Only lines that contain the word "with" are to be returned from the data below.

■ Provided records

━━━━━━━━

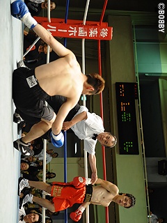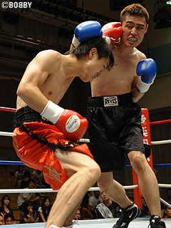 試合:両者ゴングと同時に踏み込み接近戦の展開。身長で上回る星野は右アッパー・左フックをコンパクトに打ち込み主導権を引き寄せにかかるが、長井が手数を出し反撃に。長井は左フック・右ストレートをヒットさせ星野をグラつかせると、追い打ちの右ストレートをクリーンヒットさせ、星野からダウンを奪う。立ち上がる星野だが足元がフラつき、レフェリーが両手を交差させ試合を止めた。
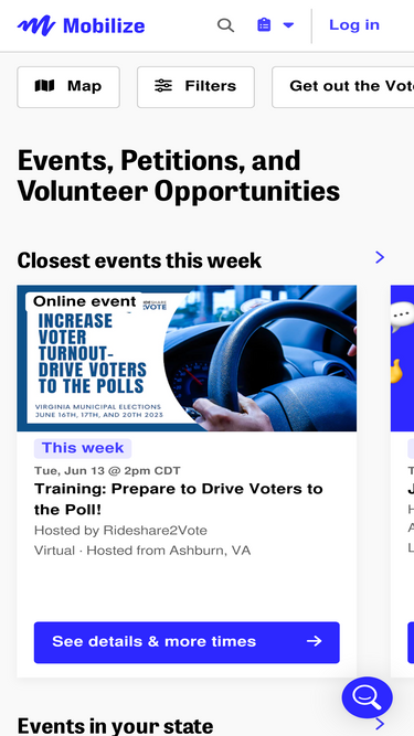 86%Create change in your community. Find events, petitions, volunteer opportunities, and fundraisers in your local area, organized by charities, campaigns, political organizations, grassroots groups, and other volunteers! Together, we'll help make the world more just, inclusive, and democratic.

━━━━━━━━

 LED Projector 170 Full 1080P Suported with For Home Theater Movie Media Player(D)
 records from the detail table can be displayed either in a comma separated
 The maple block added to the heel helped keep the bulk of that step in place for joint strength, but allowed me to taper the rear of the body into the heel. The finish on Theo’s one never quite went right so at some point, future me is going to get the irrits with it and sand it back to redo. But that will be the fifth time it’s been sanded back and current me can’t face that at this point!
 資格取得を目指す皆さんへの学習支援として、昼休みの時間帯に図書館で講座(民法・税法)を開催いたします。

━━━━━━━━

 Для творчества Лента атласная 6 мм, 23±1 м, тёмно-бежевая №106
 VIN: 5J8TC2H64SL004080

━━━━━━━━

■ Response box
 LED Projector 170 Full 1080P Suported with For Home Theater Movie Media Player(D)
 The maple block added to the heel helped keep the bulk of that step in place for joint strength, but allowed me to taper the rear of the body into the heel. The finish on Theo’s one never quite went right so at some point, future me is going to get the irrits with it and sand it back to redo. But that will be the fifth time it’s been sanded back and current me can’t face that at this point!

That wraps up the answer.